The study published in Scientific Reports examined whether patients with a history of malnutrition are predisposed to severe Covid-19.

Finding the link

Researchers gathered medical records using the medical records of 8 604 children and 94 495 adults hospitalised with Covid-19 in the United States between March and June 2020.

People with a history of malnutrition between 2015 and 2019 were identified, and their demographics, socioeconomic status, admission of vital signs, and related comorbidities background were considered. 

The authors also looked at whether the participants were diagnosed with Covid-19 and considered the severity of their condition and whether they needed mechanical ventilation or died.

Findings of the study

The study results show that that there is a link between past diagnosis of malnutrition and severe Covid-19 in both paediatric and adult patients.

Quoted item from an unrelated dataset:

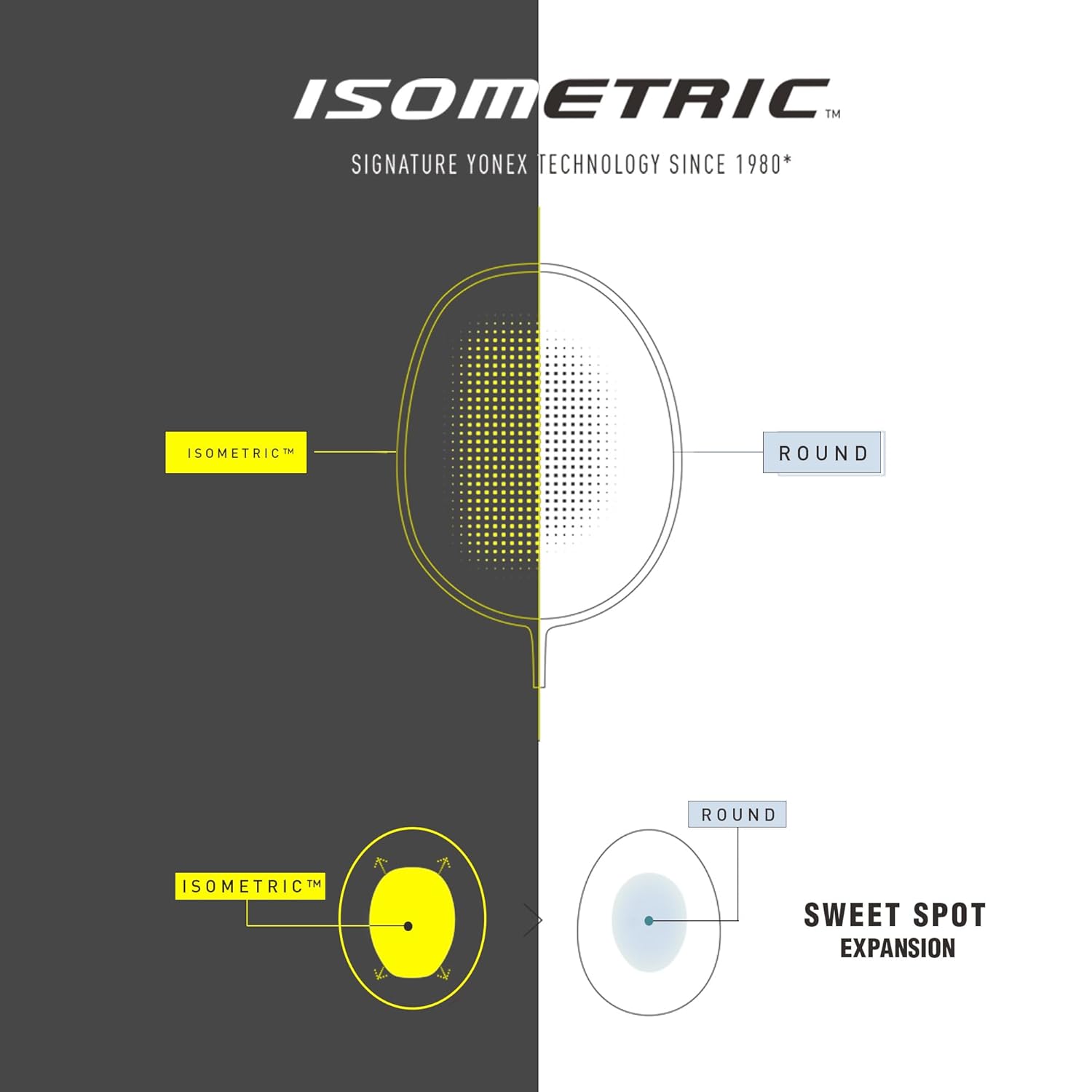 • Isometric - Enlarged Sweet Spot compared to a conventional round frame, a square-shaped Isometric racquet generates a larger sweet spot by optimizing the intersection of the main and cross strings. Isometric delivers greater control without sacrificing power.

The severity of Covid-19 in children with a history of malnutrition was highest in children younger than five years. With age, the risk dropped slightly, but children above the age of five with no history of malnutrition had a much lower risk of severe Covid-19. 

In adults, the study found that people with malnutrition aged 18 to 78 years also had higher odds of severe Covid-19 than those in the same age group with no history of malnutrition.

“These imply that there is an opportunity to target and improve the outcomes of younger adults with nutritional issues although older patients are more likely to have worse outcomes in general,” the paper states.

The authors add that understanding the links between Covid-19 outcomes and malnutrition provides an opportunity to improve the prognosis of patients with a history of malnutrition.